In generations past, the birth of a child was a source of wonder. We knew that we were in the presence of a mystery: an event which we could not possibly comprehend in its entirety. Now, however, we have ceased to contemplate the event itself, and have focused, instead, upon the narrow question of how we might manipulate it. Our knowledge of certain particulars has increased, but we have ceased altogether to consider the whole. The mystery has fallen away because, in our rush to analyze certain particulars, we are in ignorance of the whole.
Everywhere we see the same disregard for the whole in favor of the part. Armed with our psychology, we can account for the particular phobias of certain individuals, but we seem to think that we can thereby comprehend the whole of what is human. Anyone who has ever fallen in love knows perfectly well that this is not the case.
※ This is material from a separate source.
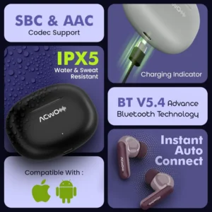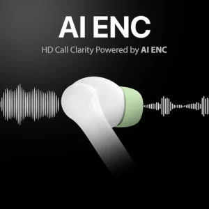 TWS in-ear earbuds with ENC, HD sound, deep bass, low latency gaming mode, Type-C fast charging, and IPX5 sweat resistance.
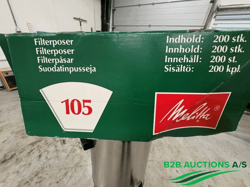 1 stk. beholder med aftapningshane til kaffebrygning, inklusive 2 stk. MELITTA 10S tragte og ukendt antal filtre.

When we stand in the presence of someone whom we love, our real knowledge of the other is soon exhausted, and we stand in the presence of a mystery. But, because our culture never regards the other as a person—a center of subjectivity wholly other than ourselves—and settles only for an individual whose particular acts we attempt to analyze, we remain too much in ignorance of the other to intimate the mystery. Our lack of awe is not born of knowledge and sophistication. It is born of ignorance.
What can we do to inform our culture? How can we awaken the knowledge that has been lost? How can we, therefore, retrieve some of the wonder that is, after all, essential to our happiness? The answer lies in retrieving our sense of the whole. We must focus upon events, not merely upon an analysis of certain of their components. We must attempt to penetrate the whole event of the birth of a child, and not merely speculate on the particular manner in which we might interfere with it. We must open ourselves to the event of encountering another person, and not merely attempt to understand certain of his or her actions. We must restore our regard for what really occurs in life and in nature, rather than focusing upon that small part of it that is open to our analysis.
Our Church has called the laity to redeem the culture itself. The charisms have been given for this purpose. They are gifts. As such, whenever they are exercised, they produce an event—something whole and entire—which occasions awe in the recipient. As we become more aware of these gifts, our own capacity for wonder is reawakened: we begin to see things whole once again. When a stranger is seen and welcomed, when the dignity of one who suffers is called forth, when someone is taught or encouraged or healed, we are presented with events which, in the end, defy reduction to particular psychological or material determinations. We are also in the presence of something which can occasion a celebration: a shared wonder in the presence of what has occurred.If we are to accept the gifts which God has given to us, we must commit ourselves to wonder. We will be able to do this through our attentiveness to things and to people. Along the way, we will teach our culture how to look upon the world—and restore to our contemporaries the sense that there might be something to celebrate.